CHRSTIAN BALE SINGS IN SUPPORT OF THE BOURNEMOUTH CHERRIES

An almost unrecognisable Bale in American Hustle

   Ever since his first starring role at the age of 13 in Steven
Spielberg’s epic Empire of the Sun, Christian Bale has had a
reputation for being “difficult.”

  The British-born actor made it plain early in his career that he
hated giving interviews and often sat through entire sessions without
answering any questions. Although he later softened his stance and
endured the process, his behaviour both on and off the set attracted
unfavourable attention.

   Just after the second of his Batman films, The Dark Knight, was  released he was arrested in London for allegedly assaulting his mother and sister. The charges were dropped but soon afterwards he launched a profanity-laced tirade at a cinematographer on the set of Terminator Salvation for allegedly crossing his line of sight during a scene. After a recording of the rant was released on the Internet, he issued a public apology.
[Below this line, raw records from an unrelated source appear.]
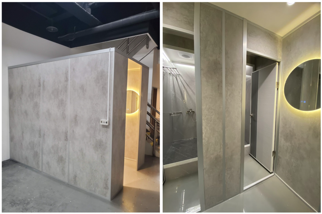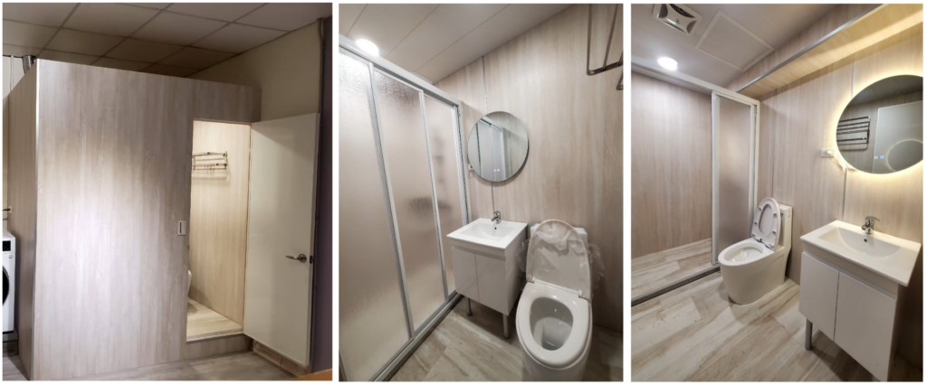 | 顏色 | 白橡/清水模 兩色 | 採用全防水PVC貼皮,表面無毛細孔,霉根不易生長好清潔 |
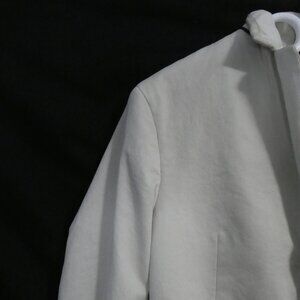 It features a sleek, tailored fit with two front pocket flaps (faux pockets) and a chest pocket (faux ) for added style. Inside coat lining has 2 pockets and a pen holder
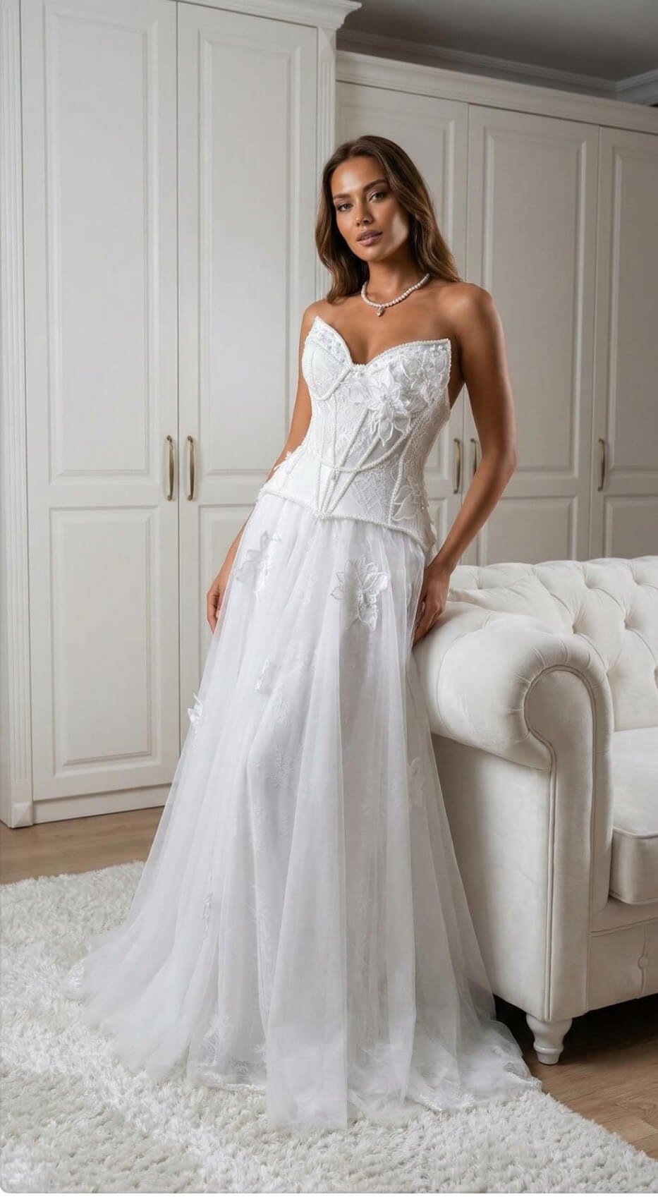 Edele, eenvoudige en elegante Helen trouwjurk met gelaagde tule rok, Helen model trouwjurk met korset model, kattenoor kraag en parel details op de borst deel

   But the Christian Bale who strolled into a suite at the London Hotel in New York was neither difficult nor badly behaved. Both then and when we talked later that evening in the trendy Monkey Bar nightclub on 54th Street he was friendly and affable and at one point even burst into a football supporters' song.
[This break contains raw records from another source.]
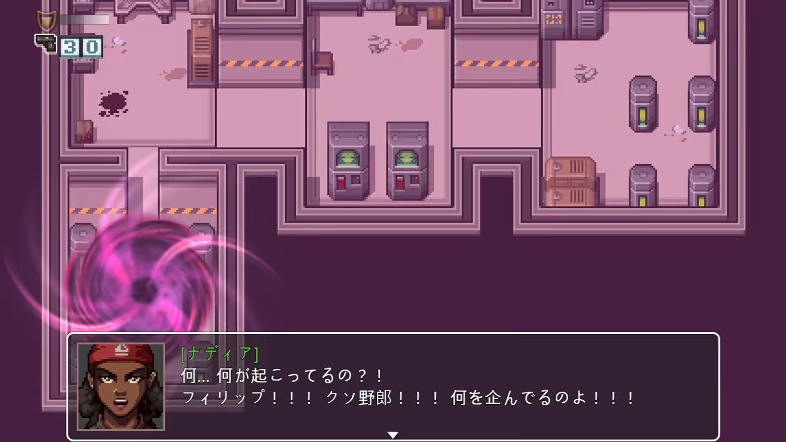 Nadia's Revenge は、2Dトップダウン型のピクセルアートシューティングゲームです。
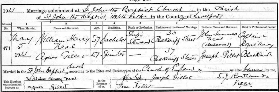 Agnes Gillet 5 MAY 1921 Toxteth Park
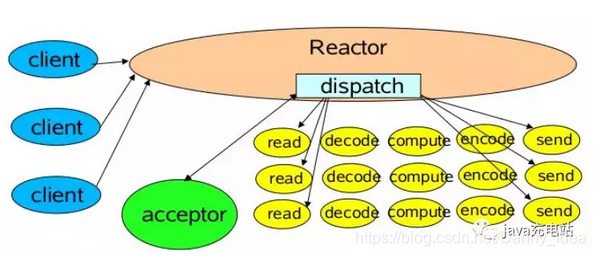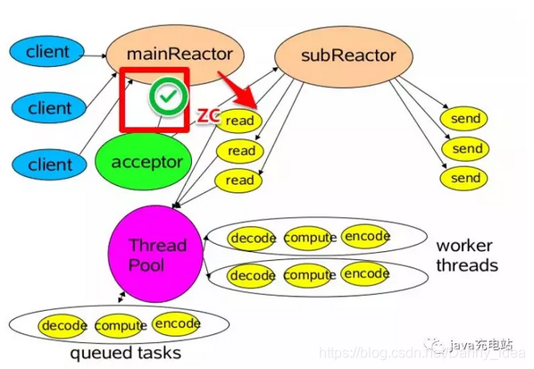 主从Reactor线程模型的特点是:服务端用于接收客户端连接的不再是个1个单独的NIO线程,而是一个独立的NIO线程池。Acceptor接收到客户端TCP连接请求处理完成后(可能包含接入认证等),将新创建的SocketChannel注册到IO线程池(subreactor线程池)的某个IO线程上,由它负责SocketChannel的读写和编解码工作。Acceptor线程池仅仅只用于客户端的登陆、握手和安全认证,一旦链路建立成功,就将链路注册到后端SubReactor线程池的IO线程上,由IO线程负责后续的IO操作。
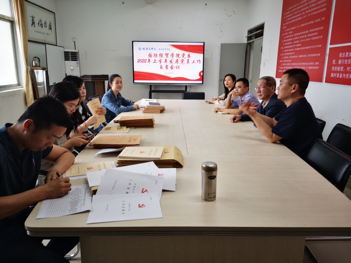 在指导学院党建工作的过程中,林万顺老师参加学院发展党员工作自查,重点围绕《中国共产党发展党员工作细则》和学校发展党员工作规范,包括发展党员工作的流程、发展对象入党材料是否齐全、是否存在缺失、遗漏等事项,提出了指导意见。他充分肯定了学院本次自查工作,表示该工作能够及时总结经验、以查促建高质量做好党员发展工作,有效推动学院党支部发展党员工作规范化。

  Bale, 39, who has been nominated for a Golden Globe for his role as the pot-bellied con man Irving Rosenfeld in American Hustle, has been married for 14 years to Sandra, a former model, and they have an eight-year-old daughter Emmeline.

   “I’m at the bouncy castle phase of my life and that is what I love more than anything,” he laughs. “No doubt that will change when my daughter gets bored with it, but whatever she is into, so am I.”

  Emmeline, he says, found his bald, pot-bellied look funny: “She would slap my big old gut and bald head and tease me. She had lots of fun and found it amusing."

   Born in South Wales, Bale grew up in Portugal and various towns around England before settling in Bournemouth. He still has an English accent with a hint of a Welsh lilt, but when he returns to his homeland nowadays it is because he is making a movie. He was recently at Pinewood Studios filming Exodus for Ridley Scott and didn’t have time to see any football matches although he still follows the fortunes of Bournemouth, a team he knows by their nickname the Cherries. “It’s not a name that makes you rally behind them and go Whoa, Cherries!” he laughs and briefly bursts into a chorus of a Bournemouth supporters’ song.  “But I’m still a bit of a football fan and I’ll get goose bumps when the English football team play in the World Cup.”